■ **RECORD EXTRACTS**
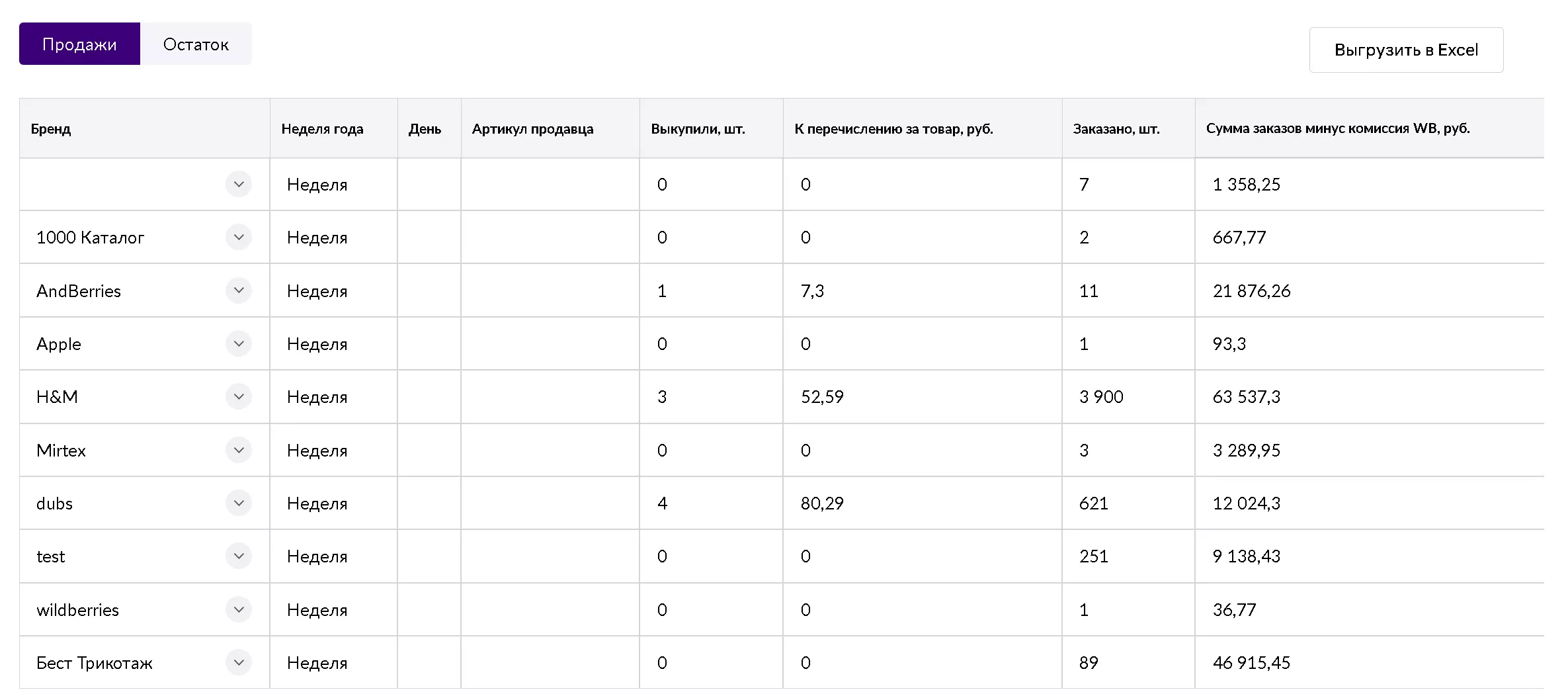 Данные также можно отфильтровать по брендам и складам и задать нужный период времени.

...

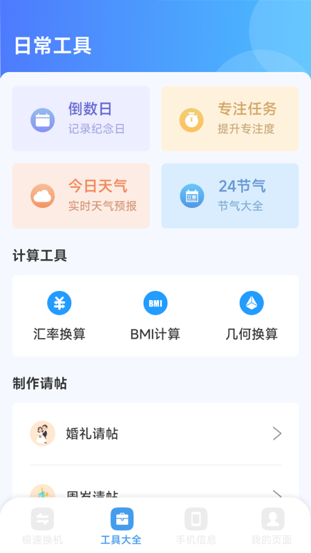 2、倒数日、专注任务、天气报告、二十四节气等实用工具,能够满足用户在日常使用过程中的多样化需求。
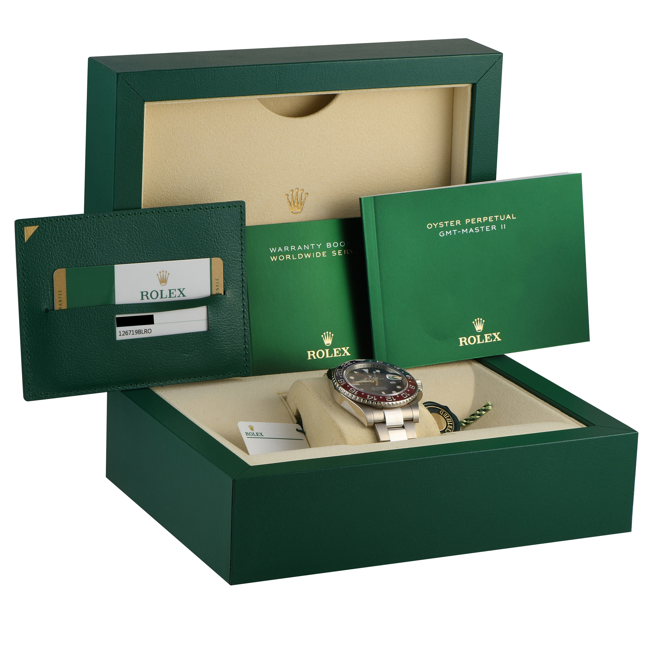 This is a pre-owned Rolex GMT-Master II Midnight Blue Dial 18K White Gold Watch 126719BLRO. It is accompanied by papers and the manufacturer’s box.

■ **TASK REQUIREMENTS**
From the line containing "2、倒数日、专注任务、天气报" through the line containing "This is a pre-owned", copy every line above exactly, without pictures.

■ **REPLY TO THE EXERCISE**
 2、倒数日、专注任务、天气报告、二十四节气等实用工具,能够满足用户在日常使用过程中的多样化需求。
 This is a pre-owned Rolex GMT-Master II Midnight Blue Dial 18K White Gold Watch 126719BLRO. It is accompanied by papers and the manufacturer’s box.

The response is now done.